While rents are rising, a function of more demand and little new supply being built, incomes are stagnant. That means tenants — especially young ones also saddled with student loans — are losing ground.
"Having student loan debt may present a challenge as they try to save for a down payment," said Joanna Rini, an extension educator in Family and Consumer Sciences at Ohio State University. "Rental rates are going up and… the going rate for rentals might represent some cash flow issues when they look to save for a large purchase."
In 2014, 46 percent of renters between 25 and 34 years old spent more than 30 percent of their income on rent; nearly 20 percent paid more than half of what they made, according to Harvard.
With so much money going to rent, these young adults have little left to put toward a down payment, which is a problem since homes are typically Americans' largest assets, and a key way families pass on wealth through the generations.
"I think the biggest problem is the down payment, and I think that’s the big divider that’s going to bifurcate the market among millennials," said Selma Hepp, chief economist at real estate site Trulia. "That may lead to further inequality among that group."
Even in parts of the country without notoriously high costs of living, getting that down payment is an uphill battle.

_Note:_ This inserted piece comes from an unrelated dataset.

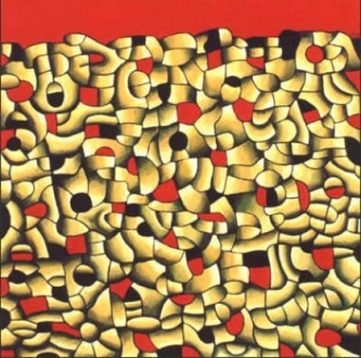 He starts from the simplest way to reach the richest effects. His goal is to stay as close to the edge as possible---to keep that sense of organic happening, as if the painting had grown itself rather than having been crafted by him. Yet it is the artist's eye, which seeks to prevail--telling the hand to add that last brush stroke which makes it all happen.

Scottsdale, Arizona, resident Lisa Cortese is putting off dental appointments and getting her brakes fixed, but saving for a down payment on a house is a moving target in a market rife with bidding wars and investors plunking down cash to snap up the most affordable homes.

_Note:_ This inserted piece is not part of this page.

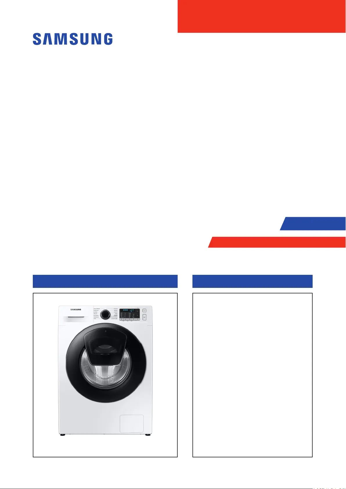 Olvassa el alább 📖 a magyar nyelvű használati útmutatót Samsung WW70AA126TH (34 oldal) a mosógép kategóriában. Ezt az útmutatót 8 ember találta hasznosnak és 4.5 felhasználó értékelte átlagosan 4.6 csillagra

"It’s been something we’ve been trying to save up for for a long time," said the 28-year-old, who plans to buy a home with her boyfriend so they can start building equity rather than paying more than $900 a month in rent. "That’s something I think about all the time," she said. "I just want to go to the dentist."

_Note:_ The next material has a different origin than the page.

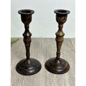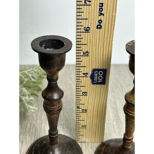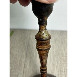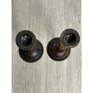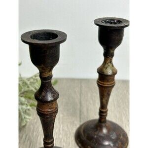 Set Of 2 Vintage Metal Candle Holders India Patina Rustic For Taper Candles 6”

Cortese might turn out to be one of the lucky ones. After finding out they qualified for down payment assistance, the couple made an offer on a house a few weeks ago and are now working their way through the buying process.
But even young adults who manage to save enough for a down payment may find that they're shut out of the housing market because they can't qualify for a mortgage in the post-real estate crash market. A study by credit bureau TransUnion finds that fewer than 20 percent of the 7 million people whose credit was damaged by the mortgage meltdown could qualify for a mortgage today.
"There's a large number of these consumers … who we think are not going to be qualifying, at least in the near future, and that’s due to changes in the underwriting guidelines," said Joe Mellman, vice president and head of TransUnion's mortgage group. In 2006, nearly half of these consumers had credit scores below 620 — not a big deal back then, but a deal-breaker today.
Unfortunately, the window of opportunity may be closing for many would-be homeowners. Rock-bottom interest rates are a huge benefit for people buying real estate today, but those rates will inevitably rise, and lock out a significant number of prospective buyers.
Real estate data analytics company HouseCanary finds that nearly a third of so-called millennials won't be able to afford their mortgage payments if interest hits 6 percent, assuming today's home prices are the same.
"You’ve got this imbalance that’s likely to be further exaggerated in years to come … if we don’t see some sort of reversal in the trend," said J.P. Ackerman, the company's president. "We see a material decline in those who can even consider buying."
Millennial renters are acutely aware that there is a ticking clock on their opportunities.
"I just turned 30," said Bergman, who is working to improve her credit score to make her a better mortgage candidate. "How can I make this work?"
The only answer she can see is to leave a city she has called home for the past six years. "My plan is pretty much to take my network, take my education ... and go somewhere where the cost of living is less."